“Now there is a strange man,” Grandmother said to Uncle Pablôt.
Pablôt only whistled softly and looked wise.
“One would think,” continued Grandmother, “that he would be grateful for a nice trip on the back of my child. He will come to my way of thinking all in good time.” She looked around her critically. “The fire!” she said. “How fiercely the fire is burning! It quite makes me boil with anger; I won’t have it, I hate it!” and she ran upon it, scattering the embers with a great hissing sound. “There now!” turning again to Pablôt. “Do you think that the room is in readiness for my son? Shall I open the floodgates and let him in?”
“How about Anjou?” asked Uncle Pablôt.
“Anjou can ride in his basket.”
“And Philippe?”
“The little cradle by the bed that Avril sleeps in—an excellent boat! Jump in, Philippe, run and jump in, for we are going to make a voyage. I—let me see—this tub will suit me nicely; I have a fondness for tubs; and you, Pablôt, can run along the bank. Into your basket, Anjou, quick! You look strangely unhappy, my pet. Are we all ready? Enter, my son!”

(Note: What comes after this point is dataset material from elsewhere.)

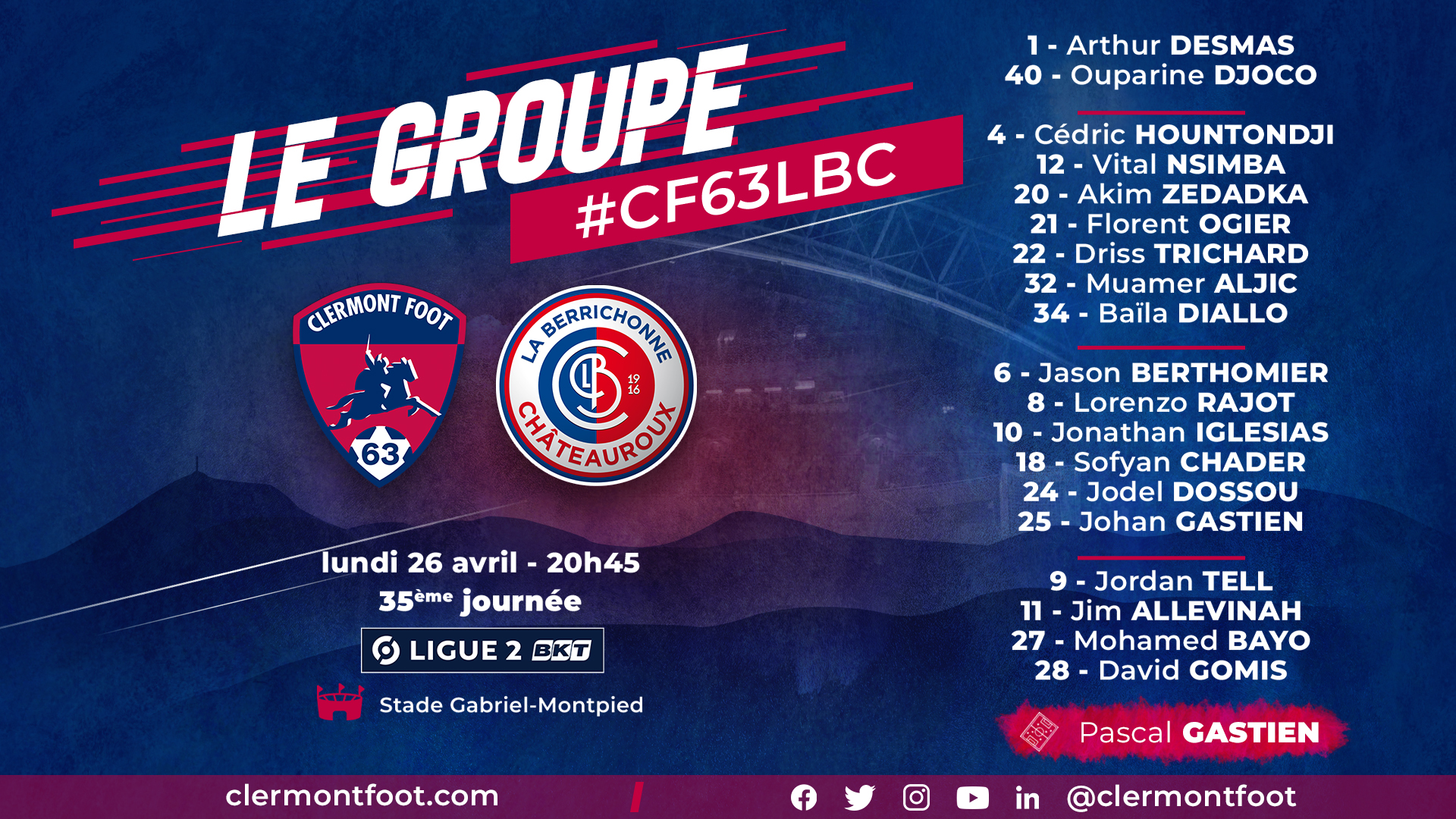 Pascal Gastien a convoqué un groupe de 19 joueurs pour la réception de Châteauroux, demain, en match décalé de la 35ème journée !

Grandmother unlatched the door facing on the river; it flew back against the wall with a crash. What happened next was very confused in the mind of the startled Philippe. There was a great, swishing roar as the water of the river, swollen to unheard-of heights by the hard rain, leaped and tumbled into the room in masses and billows of silver foam. Tightly he clutched the rail of the crib as his strange boat tossed and turned and ducked and pitched and bobbed and spun around and around in the currents and cross currents and boiling waves. At last, when the water in the room had reached the level of the water outside, and therefore had suddenly quieted, he dared to look about him. Uncle Pablôt had disappeared; Grandmother was calmly sitting in her tub with a rapturous smile on her old face. “So impulsive!” she remarked conversationally to Philippe. “My son, the River,” she explained. “He is so very glad to see me. Did you notice how he jumped and romped when I let him in? It made me very proud! But we must not waste our time floating idly here; there is to be a very important reunion of my whole family.” And with that they were caught in an eddying current and swept out of the door: Anjou, with tail as erect as a mast; Philippe, wide-eyed and silent in his cradle boat; and Grandmother in her wooden tub, pleased and proud, the happy tears streaming down her cheeks.

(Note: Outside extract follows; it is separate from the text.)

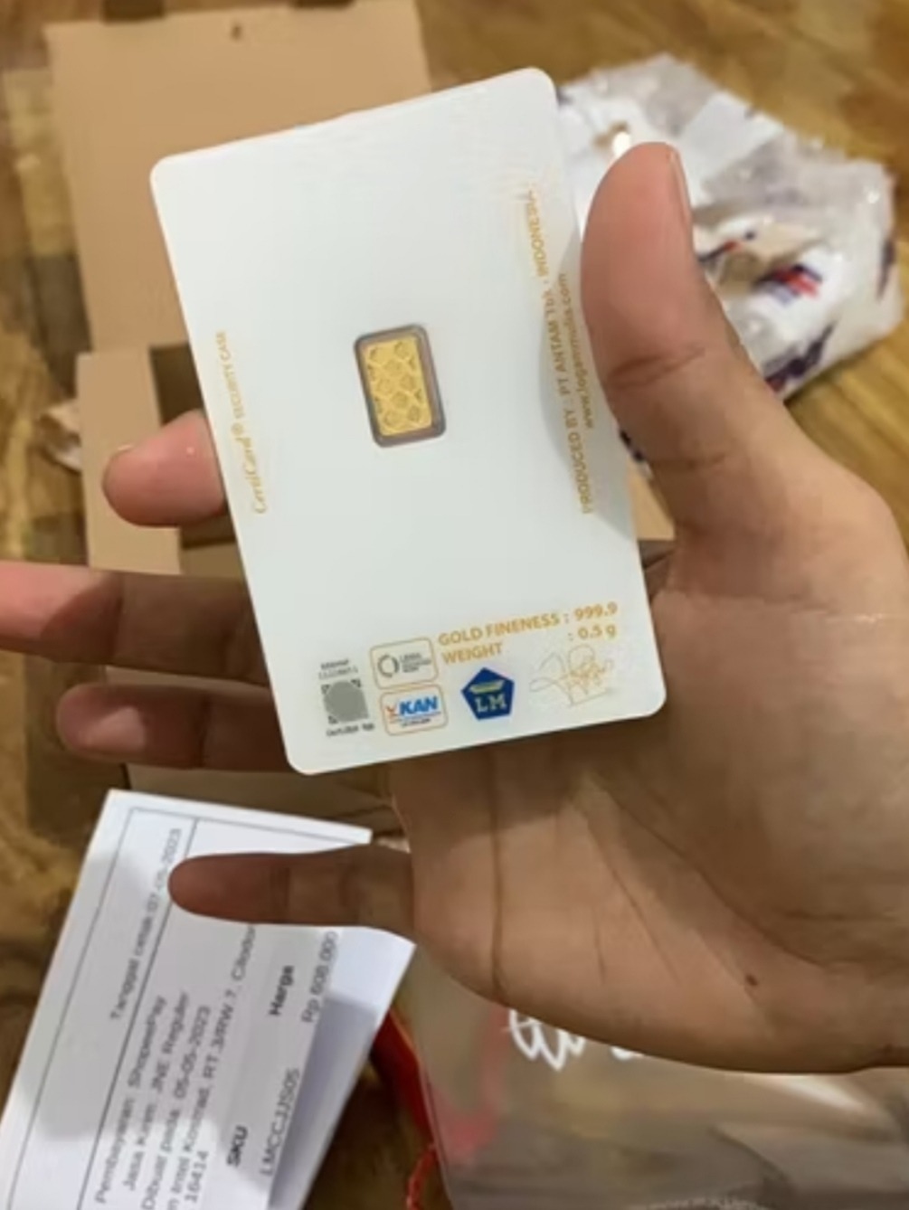 Emas ANTAM Logam Mulia (LM) hadir dengan desain dan kemasan dalam bentuk kartu yang disertai security mark untuk meningkatkan perlindungan dan keamanan bagi investasi anda.

Once you get over being frightened, it is really great good fun, so Philippe found, to go racing along a swift-flowing river in a little boat that nods to each passing wave. They passed tall reeds and rushes that waved gracefully to them from the shore, weeping willow trees, their wands gray-green and crystal with rain, gently caressing the surface of the water, emerald fields patterned with yellow flowers shining wet, mallows by the River’s edge, white with glowing hearts of deep pink, deep pink with hearts of white.

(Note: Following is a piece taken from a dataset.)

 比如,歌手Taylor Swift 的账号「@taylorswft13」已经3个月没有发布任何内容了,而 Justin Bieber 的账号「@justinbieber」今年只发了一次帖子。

Sometimes swiftly, sometimes slowly, but always and ever onward, “Grandmother’s Son” carried them on his strong back; now through lowlands, and now between high banks of dark chocolaty mud, where, from the black portals of burrows and tunnels, the bright eyes of water animals gazed at them in astonishment. Yes, it was thoroughly delightful, but it was puzzling to Philippe; there were many things that he did not understand. He decided that he would ask Grandmother, who was floating close to him in her wooden tub.